23. A method for preventing cartilage degradation or promoting cartilage differentiation and function in a mammal which comprises administration of a therapeutically effective amount of a pharmaceutical composition comprising the LP85 analog of claim 15.

24. A method for promoting wound healing in a mammal which comprises administration of a therapeutically effective amount of a pharmaceutical composition comprising the LP85 analog of claim 15.

25. A method for preventing neuronal degeneration or promoting neuron growth in a mammal which comprises administration of a therapeutically effective amount of a pharmaceutical composition comprising the LP85 analog of claim 15.

26. A pharmaceutical composition comprising as an active ingredient the LP85 analog of claim 15 associated with one or more pharmaceutically acceptable carriers, excipients, or diluents thereof.

27. A fusion protein comprising the LP85 analog of claim 15.

28. A nucleic acid encoding the LP85 analog of claim 15.

29. A method for producing a LP85 analog resistant to clearing in vivo comprising the step of altering the amino acid sequence in the region at and/or between positions 275 through 279 of SEQ ID NO:2.
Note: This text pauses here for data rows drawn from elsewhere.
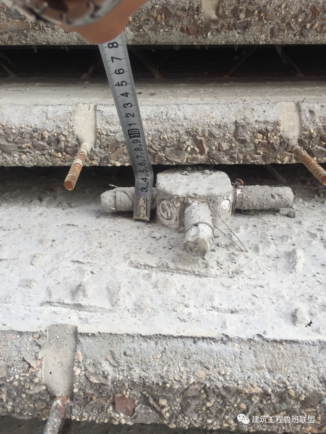预埋线盒四个方向加设锁母并封堵,查看锁母离板面高度,是否满足施工要求: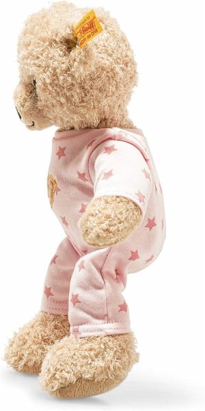 Das kleine 25 cm große Teddybär Mädchen in Beige ist aus Plüsch für babysanfte Haut gefertigt. Das kleine Schnäuzchen, die Sohlen und die Pfoten sind in beigefarbigem weichen Material gehalten. Die kleine schwarze Bärennase und der lächelnde Mund sind in Schwarz garniert. Der Schlafanzug ist rosa mit dunkelrosa bedruckten Sternen und gestickter Teddybärenkopf-Applikation in Beige. Der Schlafanzug kann ausgezogen werden.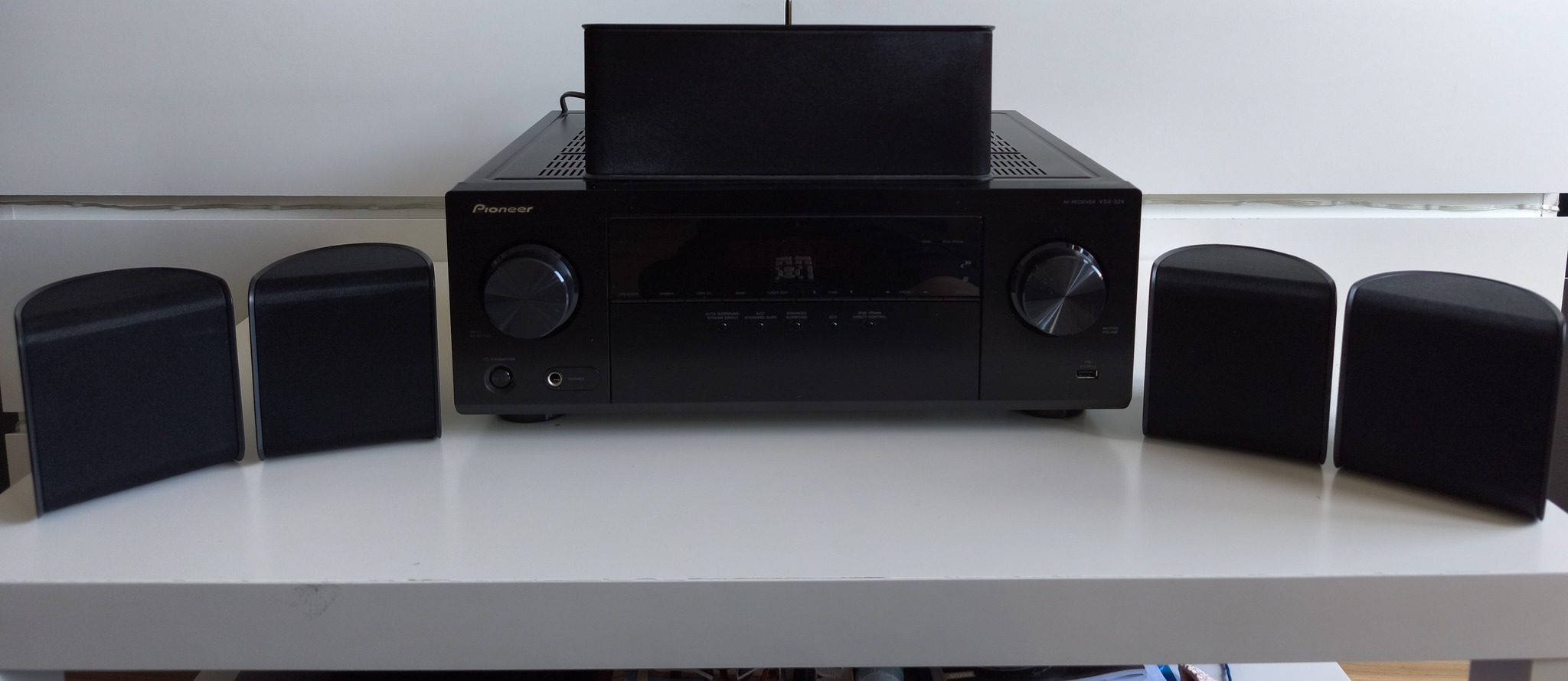 Eladásra kínálom kiváló esztétikai és műszaki állapotú Pioneer 5.1 házimozi rendszeremet, ami egy VSX-324-K-P típusú erősítőből, és egy 5 darab S-11A-P hangszóróból és 1 darab S-22W-P mélynyomóból áll. Gyári távirányító és kábelek, továbbá 1 darab optikai kábel tartozik hozzá. Eredeti doboza már nincs meg, de két másik dobozban, becsomagolva várja új gazdáját.
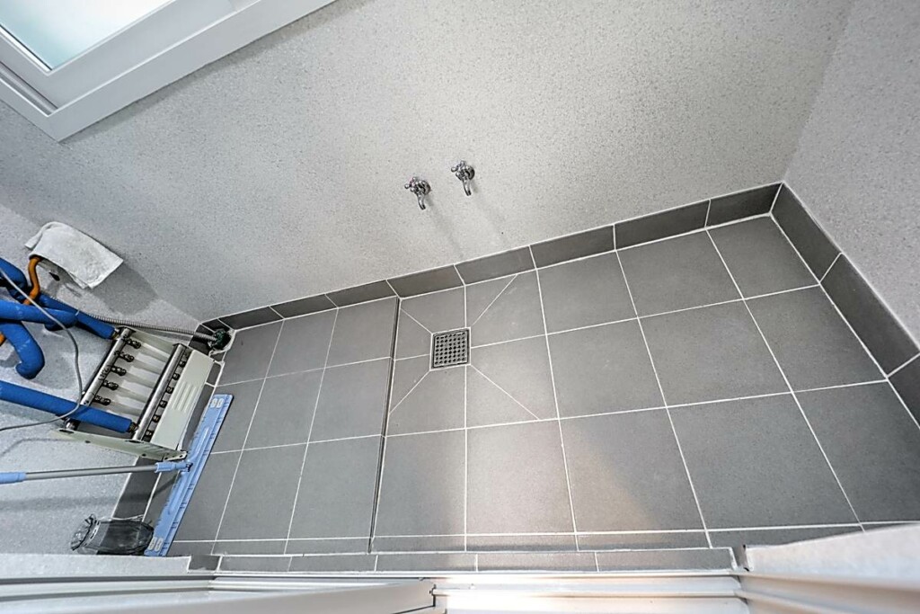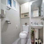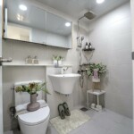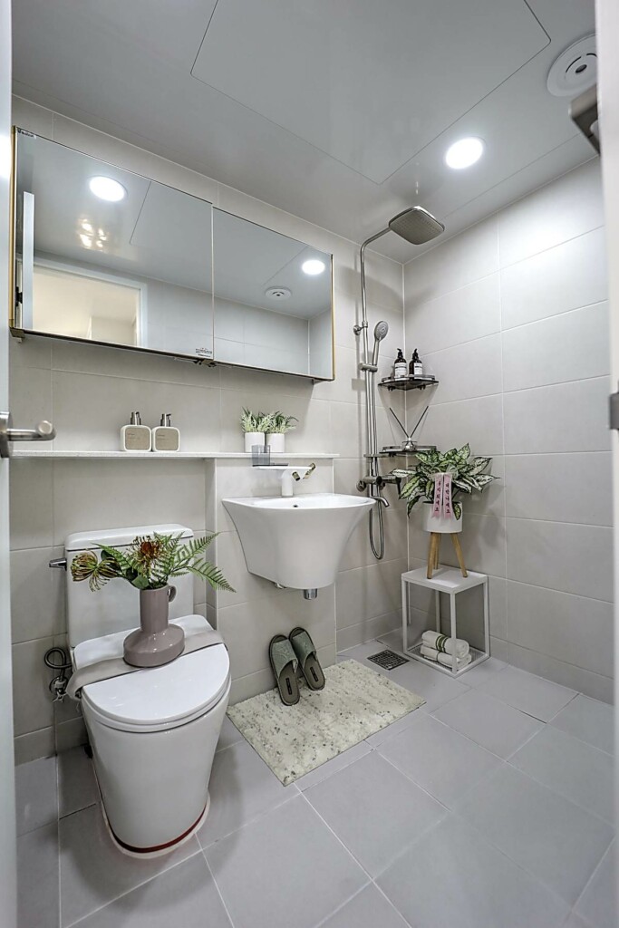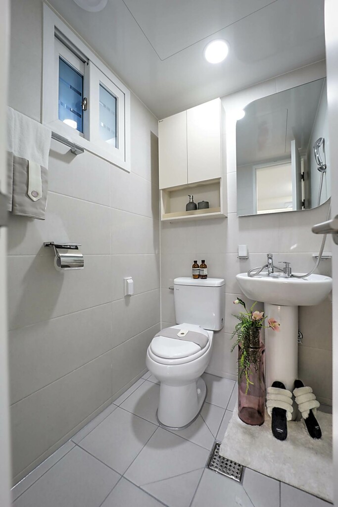 메인 욕실은 샤워 공간이 확보되어 있고, 그레이톤 타일로 깔끔하게 마감되었습니다. 보조 욕실도 실용적으로 구성되어 있으며, 환기창이 있어 습기 관리가 용이합니다. 발코니에는 세탁기와 건조기를 나란히 둘 수 있어 가사 동선이 효율적입니다.

30. A method for producing a clearing resistant LP85 analog, as in claim 31, wherein said step of altering the amino acid sequence in the region at and/or between positions 275 through 279 of SEQ ID NO:2 is selected from the group consisting of:

a. replacing Asn at position 276 as shown in SEQ ID NO:2 with a Gln;

b. replacing Asn at position 276 as shown in SEQ ID NO:2 with a Asp;

c. replacing Asn at position 276 as shown in SEQ ID NO: 2 with a Glu;

d. replacing Asn at position 276 as shown in SEQ ID NO:2 with a Thr;

e. replacing Asn at position 276 as shown in SEQ ID NO:2 with a Ala;

f. replacing Asn at position 276 as shown in SEQ ID NO:2 with a Ser;

g. replacing Asn at position 276 as shown in SEQ ID NO:2 with a Gln;

h. replacing Ser at position 278 as shown in SEQ ID NO:2 with any naturally occurring amino acid other than Ser or Thr; and

i. replacing Tyr at position 277 as shown in SEQ ID NO:2 with proline.

j. replacing Val at position 279 as shown in SEQ ID NO:2 with proline.
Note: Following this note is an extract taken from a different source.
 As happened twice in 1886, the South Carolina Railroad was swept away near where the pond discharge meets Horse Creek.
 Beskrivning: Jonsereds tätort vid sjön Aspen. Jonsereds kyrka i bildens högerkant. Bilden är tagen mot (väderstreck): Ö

31. A vector comprising a nucleic acid of claim 28.

32. A recombinant host cell comprising a vector of claim 31.

33. Use of a LP85 polypeptide for the manufacture of a medicament to promote bone growth in a mammal.

34. Use of a LP85 polypeptide for the manufacture of a medicament to prevent bone loss in a mammal.
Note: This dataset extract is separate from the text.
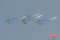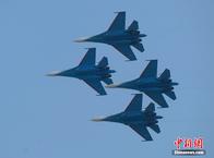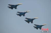 中新網(wǎng)珠海11月12日電(陳海峰)12日下午兩點整,俄羅斯勇士飛行表演隊5架表演機準(zhǔn)時啟動進(jìn)行飛行表演,展示了“加力盤旋”、“躍升半滾倒轉(zhuǎn)”、“向上開花”、“雙機對沖”等精彩動作,為觀眾提供了一場視覺盛宴,體現(xiàn)了蘇27優(yōu)異的機動性能。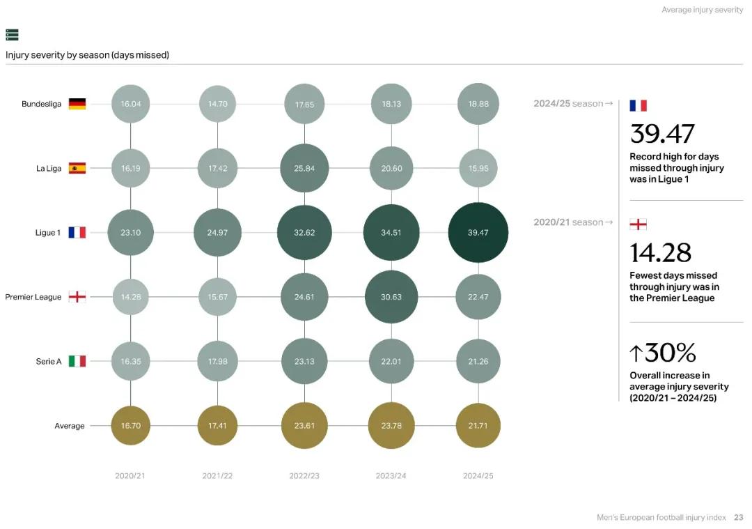 Additionally, the Howden report categorizes players into four age groups: under 21, 21-25, 26-30, and over 30, and calculates the average injury duration for players who played at least 300 minutes per season. Over the past five seasons, the average playing time for U21 players in the top five leagues rose from 414 minutes to 523 minutes, with a notable increase in injuries. The average injury duration for U21 players jumped from 16.77 days before the 2020/21 season to 30.25 days in the 2024/25 season. By contrast, the 21-25 age group’s average injury duration in 2024/25 was only 21.76 days. The peak injury absence for U21 players was in the 2023/24 season (35.37 days), far exceeding the other three age groups.

35. Use of a LP85 polypeptide for the manufacture of a medicament to treat or prevent a disease, condition, or disorder in a mammal selected from the group consisting of:

a. bone fractures;

b. osteoporosis;

c. arthritis;

d. sarcopenia;

e. periodontal;

f. cartilage degradation or trauma;

g. wounds;

h. tissue atrophy; and

i. neuronal degeneration or trauma.

36. The use of the LP85 analog of claim 14 or 15 for the manufacture of a medicament to promote bone growth in a mammal.

37. The use of the LP85 analog of claim 14 or 15 for the manufacture of a medicament to prevent bone loss in a mammal.

38. The use of a LP85 polypeptide for the manufacture of a medicament to treat or prevent a disease, condition, or disorder in a mammal selected from the group consisting of:

a. bone fractures;

b. osteoporosis;

c. arthritis;

d. sarcopenia;

e. periodontal;

f. cartilage degradation or trauma;

g. wounds;

h. tissue atrophy; and

i. neuronal degeneration or trauma.

39. The use of the LP85 analog of claim 14 or 15 for the manufacture of a medicament to treat or prevent a disease, condition, or disorder in a mammal selected from the group consisting of:

a. bone fractures;

b. osteoporosis;

c. arthritis;

d. sarcopenia;

e. periodontal;

f. cartilage degradation or trauma;

g. wounds;

h. tissue atrophy; and

i. neuronal degeneration or trauma.

40. A LP85 analog having one or more amino acid substitutions which destroy the Asn-X-Ser tripeptidyl sequence that starts at an amino acid position 276 to 278 of the amino acid sequence of native LP85 as shown in SEQ ID NO:2, wherein X is any amino acid except proline, such that glycosylation at Asn276 can not occur.